Ragaillardi par le succès public et critique du superbe Impitoyable, Clint Eastwood délaisse le temp d'un film le giron confortable de sa société Malpaso et de la Warner pour tourner Dans la ligne de mire, thriller impeccable qui ressemble certes énormément à une authentique production Eastwood, mais avec quelques gouttes de sueurs en plus.
Projet qui traine, comme souvent, dans les placards de la Columbia depuis des lustres, Dans la ligne de mire ne prend effectivement vraiment forme qu'à l'arrivée du scénariste Jeff Maguire (A nous la victoire) qui transforme l'agent des services secrets attaché à la protection du président, en figure beaucoup plus faillible, vieillissante, hantée désormais par l'échec de l'assassinat de JFK. Une figure qui forcément séduit énormément Clint Eastwood qui retrouve là ce type de figure charismatique, de modèle américain, professionnel et jusqu'au-boutiste, mais dont les élans conservateurs, les airs de vieux cons, sont régulièrement tempérés par ses jeunes collègues... Et bien entendu une jeune femme séduisante et mordante, capable de lui tenir tête, incarnée avec malice par Rene Russo, tout juste révélée dans L'Arme fatale 3. Un terrain de jeu parfait pour l'ex Harry Calahan qui joue à merveille avec son image d'ancienne icone du polar expéditif, mais qui pousse alors plus loin que jamais la vision des fêlure qui l'habite : Frank Horrigan sue sang et eau en s'efforçant de suivre le convoi présidentiel, un bon gros rhume l'amène à commettre une lourde erreur, sa peur de la mort entraine indirectement celle de son collègue et amis et le vieil ours lâchera même quelques larmes et abandonnera sa carrière pour sa nouvelle compagne. Les temps changent et les dialogues, malins et ironiques, en attestent parfaitement offrant, entre autres, quelques superbes scènes au duo Eastwood / Russo.

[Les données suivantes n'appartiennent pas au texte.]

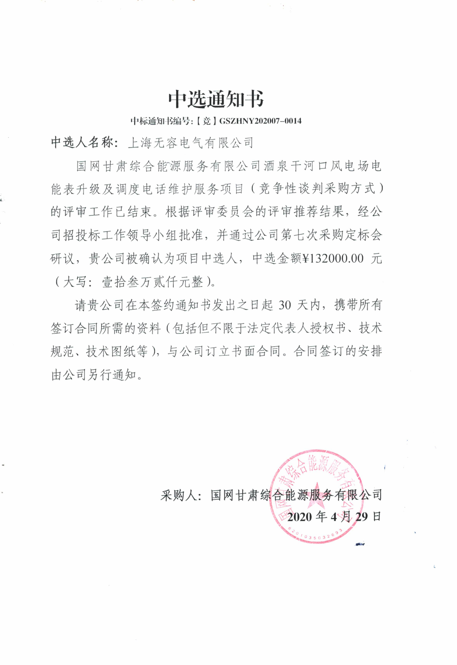 甘肃中标通知书
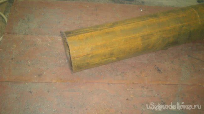 Для этого я отрезал от трубы ещё один отрезок, длиной 150 мм и разрезал его вдоль:
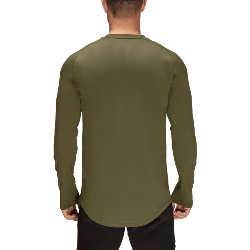 Сетчатая Однотонная футболка с длинным рукавом для мужчин, новая бр...
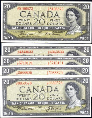 Bank of Canada 1954 Twenty Dollars, Devil’s Face, Coyne-Towers, BC-33a Serial Number A/E8196872, VF. Plus Twenty Dollars, Modified Portrait, Beattie-Coyne, BC-41a, four notes, all EF. Total of five notes
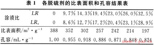 由表1看出,新脫硫劑的比表面積、孔容和孔徑都隨吸收劑涂漬比的增加而減小,同時由圖4可以看出,隨吸收劑涂漬比增加微孔大量減少,LR為32.5%的脫硫劑,微孔已經(jīng)基本消失。
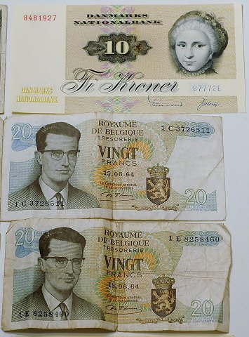 Lot med 11 blandede sedler fra Danmark, Sverige, Belgien og Mexico.
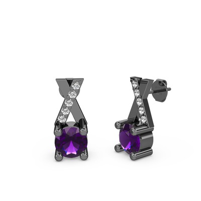 Ametist ve pırlanta 925 ayar siyah rodyum kaplama gümüş küpe (0.088 karat)
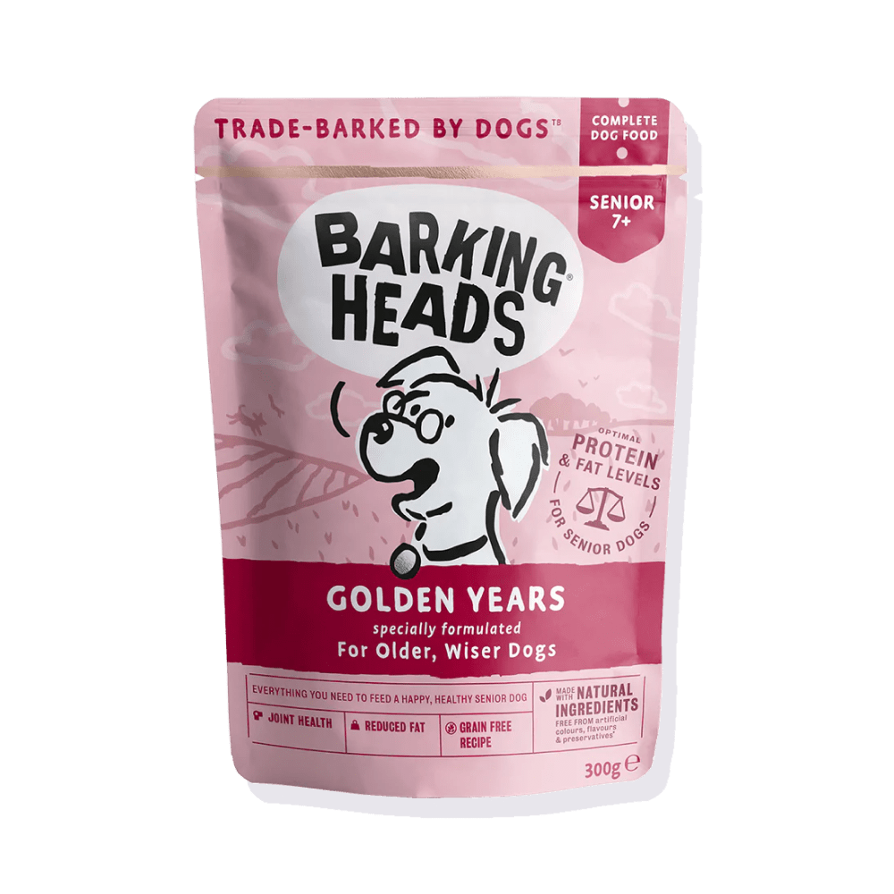 Barking Heads Golden Years, a complete wet food recipe specially formulated for older, wiser dogs. We understand that as dogs age, their nutritional needs change, which is why we've crafted this delicious and nourishing meal to support their health and well-being in their golden years.
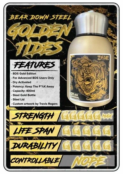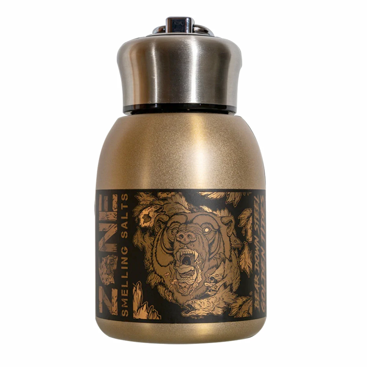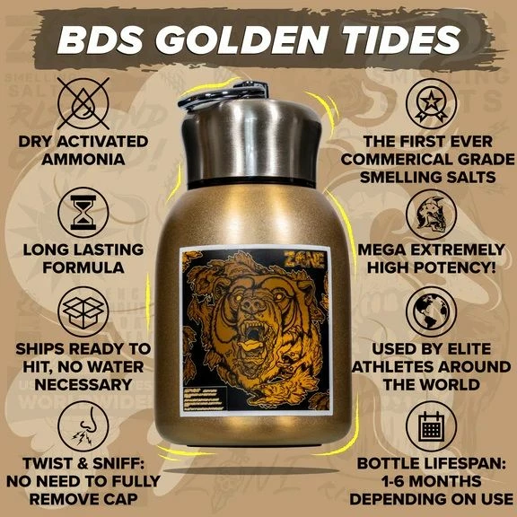 Wenn du sie schon alle durchgerissen hast, ist diese Edition vielleicht genau das Richtige für dich. Golden Tides von ZONE ist für den fortgeschrittenen Lifter von Riechsalzen/Smelling Salts gedacht. Wenn man bereits die anderen ZONE Bear Down Riechsalze kennt und das Gefühl hat, da geht noch mehr, sollte man dieses hier ausprobieren. Dieses Riechsalz ist allerdings nicht die Art von Riechsalz, die man für den ersten Versuch mit Riechsalz verwenden sollte. Es wird in einer 400ml Flasche aus strapazierfähigem goldenem Stahl geliefert. Durch die Trockenaktivierung des Ammoniaks ist das Smelling Salt sofort einsatzbereit.
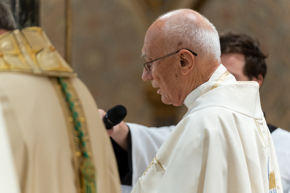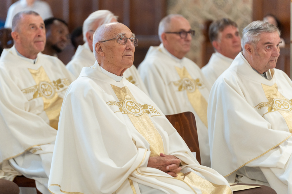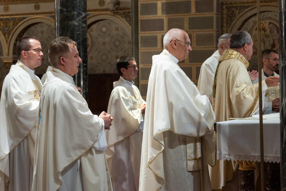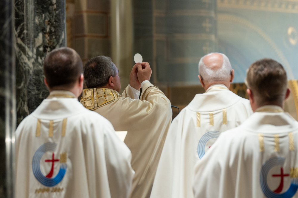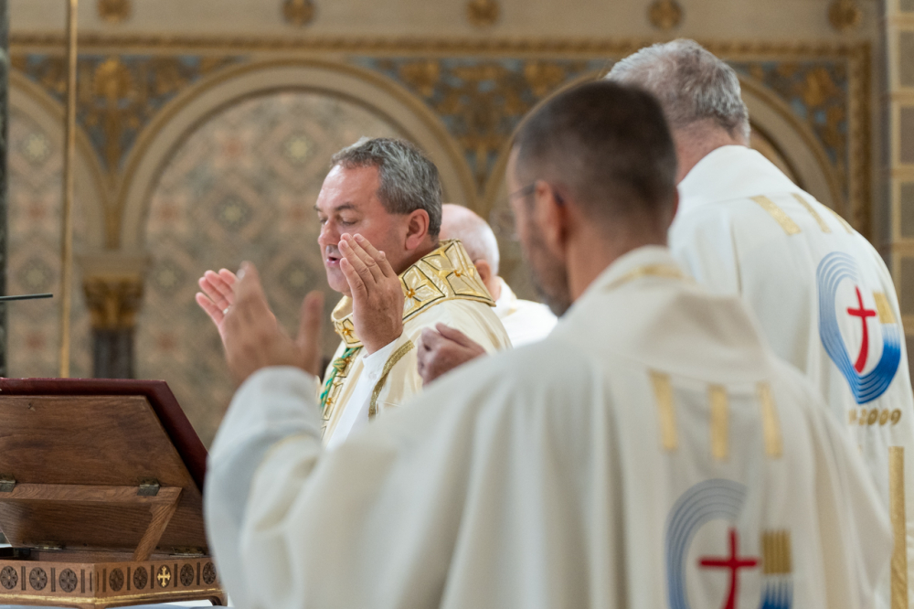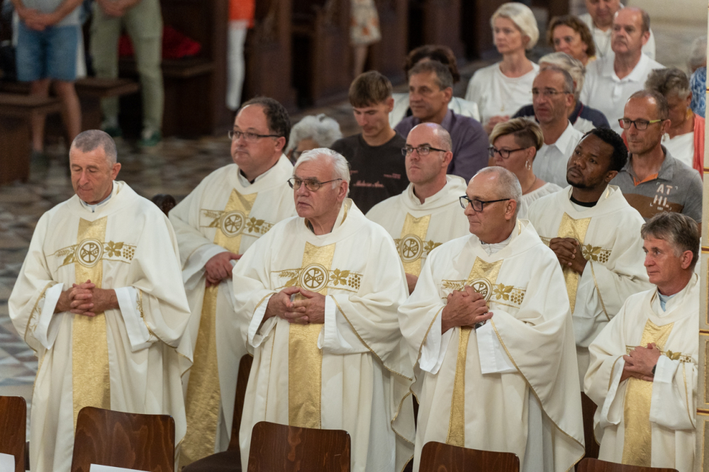 A szentmise az idén jubileumi évfordulót ünneplő lelkipásztorok főpásztori köszöntésével zárult, melyben Felföldi László püspök a Jóisten gazdag, éltető és megerősítő áldását kérte lelkipásztori szolgálatukra.

Un bel essai pour l'acteur qui trouve ici enfin l'occasion de se confronter à l'excellent John Malkovich avec lequel il espérait collaborer depuis quelques années déjà. Ancien Valmont des Liaisons dangereuses de Stephen Frears, Malkovich incarne ici le négatif du protagoniste, incarnant lui aussi un produit de la politique américaine, en l'occurrence un ancien assassin de la CIA décidé à se venger sur le symbole majeur du pays. Un prédateur insaisissable, efficace, infaillible, magnétique, machiavélique et définitivement inquiétant, qui vient rappeler par son portrait trouble d'un animal programmé et blessé les belles heures des thrillers politiques des 70's. Pas étonnant dès lors d'y retrouver un Ennio Morricone en grande forme, installant une magnifique partition orchestral montant crescendo tout au long du métrage jusqu'à une explosion finale endiablée, quelques part entre ses anciens polars italiens et français et la rythmique implacable des Incorruptibles. Bien écrit, bien interprété, bien calé, Dans la ligne de mire est surtout un sacré morceau du thriller à l'américaine, rigoureusement emballé par le solide Wolfgang Petersen (Das Boot, L'Histoire sans fin, En Pleine tempête, Troie), et ce sans se faire bouffer par la star Eastwood, qui tout en imposant un rythme maitrisé, une tension palpable et un jeu du chat et la souris particulièrement vif, s'efforce constamment de crédibiliser ses personnages, de les inscrire admirablement dans la description éprouvée et inédite des services de protection du présent des Etats-Unis.
Il ne s'agit pas là de signer une révolution dans le genre, d'approcher une présence d'auteur ou de livrer une quelconque analyse politique du système américain, mais simplement de signer un thriller carré, intelligent et efficace. Un pari relevé haut la main et avec une sacrée classe.